Fig. 7 also shows a sensor 28 for detecting the wear of roller 14, for instance of the type described in WO 2022023939 Al, which cooperates for such detection with an L- shaped bracket 34 (Fig. 3) carried by supporting assembly 31 of roller 14.

The invention actually solves the problems of the prior art. Indeed, the use of a cam 11 tracks 12 and 13 of which extend over the whole 360° of the rotation cycle of turret 100 and the engagement of roller 14 with the tracks over the whole of the path run by the heads eliminate the impact of the roller against the cam when the roller arrives in the region where such a cam is located. Moreover, such an arrangement provides support during the whole of the cycle to head 1 having been deactivated while the turret continues rotating to perform capping with correctly operating heads 1. Furthermore, the uprights having guiding and anti-rotation functions are not required.

It is clear that the above description is given only by way of non-limiting example and that changes and modifications are possible without departing from the scope of the invention.

More particularly, the mechanical components forming the translating assemblies and their association with the actuators can be replaced by components having the same functions.

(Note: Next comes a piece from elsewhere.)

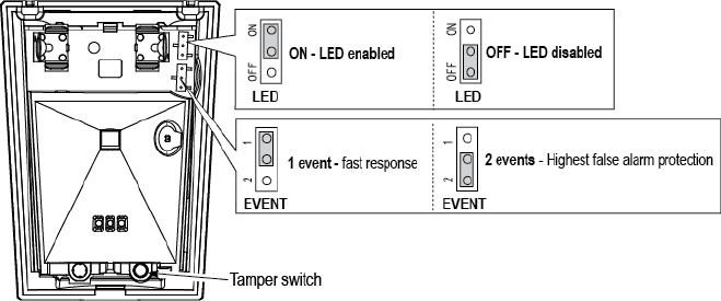 • An on-board motion event jumper determines whether 1 or 2 consecutive motion events trigger an

Moreover, even if the drawings show a capping machine in which the linear axis and the rotary axis, corresponding to the axes of rods 20, 30 (Figures 2A, 2B. 4, 5), respectively, are offset relative to each other, it is possible to arrange them in alignment, by suitably dimensioning cam 11.

Still further, even if a turret capping machine has been disclosed, the invention can be applied also in the case in which the heads move along a rectilinear path during capping.